The formula for compound interest is:
\[ V(t) = P \left(1 + \frac{r}{n}\right)^{nt} \]
Where:
- \( P \) is the initial (principal) investment.
- \( r \) is the annual interest rate (as a decimal).
- \( n \) is the number of times the interest is compounded per year.
- \( t \) is the number of years.
- \( V(t) \) is the value of the investment after \( t \) years.
Given the parameters:
- \( P = 500 \) (the initial deposit),
- \( r = 0.04 \) (4% annual interest rate),
- \( n = 1 \) (compounded annually),
- \( t = 3 \) (3 years),
We can plug these values into the formula:
\[ V(3) = 500 \left(1 + \frac{0.04}{1}\right)^{1 \cdot 3} \]
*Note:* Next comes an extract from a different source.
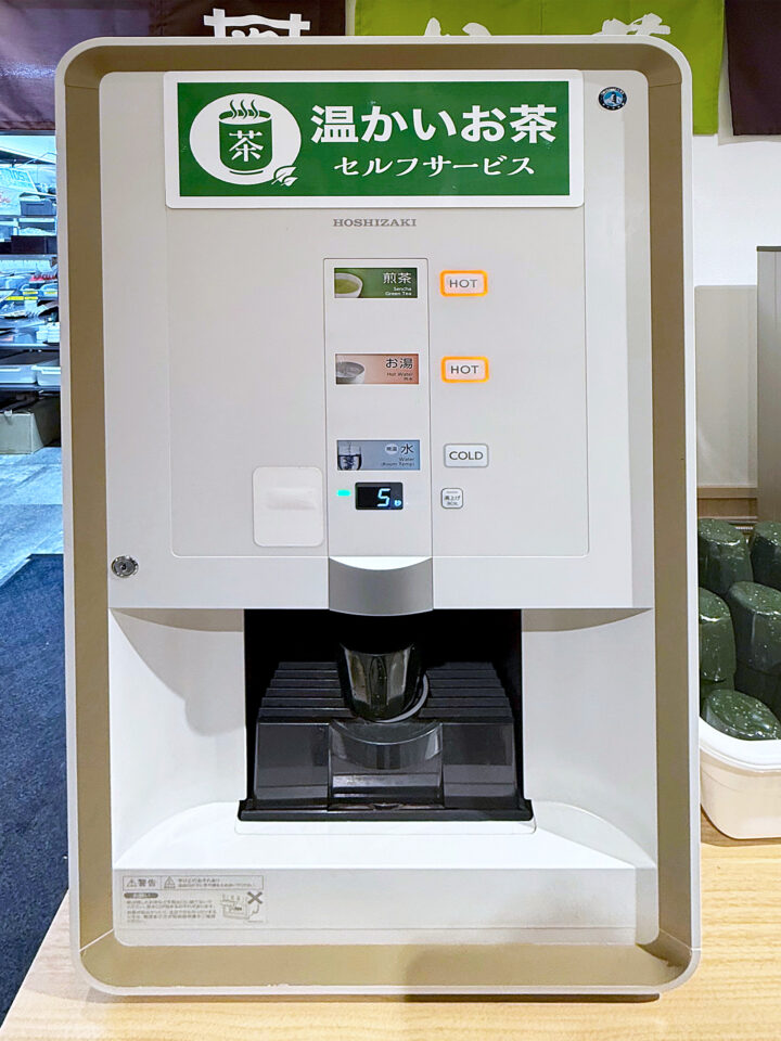 給茶機横の湯呑みを取って、お茶を注ぎます。
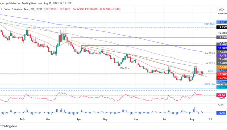 That favored USD/MXN downside, accelerated by soft US consumer inflation data. USD/MXN gained some traction above 17.0000 after the US Department of Labor reported on the Producer Price Index (PPI) for July came at 0.3% MoM above forecasts of 0.2%, while annual numbers increased from 0.2% to 0.8%. Core PPI readings which exclude volatile items to gather a better reading of inflation, climbed 0.3% MoM, exceeding estimates and the prior’s month -0.1% slide, while annually based, exceeded estimates but was unchanged, compared to June’s 2.4%.

First, simplify inside the parenthesis:
\[ 1 + \frac{0.04}{1} = 1.04 \]
Now raise \( 1.04 \) to the power of \( 3 \):
\[ 1.04^3 \]
Calculate \( 1.04^3 \):
\[ 1.04^3 = 1.124864 \]
Now multiply this result by the initial principal \( P \):
\[ 500 \times 1.124864 \]
This gives:
\[ 562.432 \]
Rounding to two decimal places (as is standard for currency), we get:
\[ 562.43 \]
Therefore, the balance after 3 years, when the interest is compounded annually, is:
\[ \boxed{562.43} \]
So, based on the given options, the correct answer is:
\[ \$[/tex] 562.43 \]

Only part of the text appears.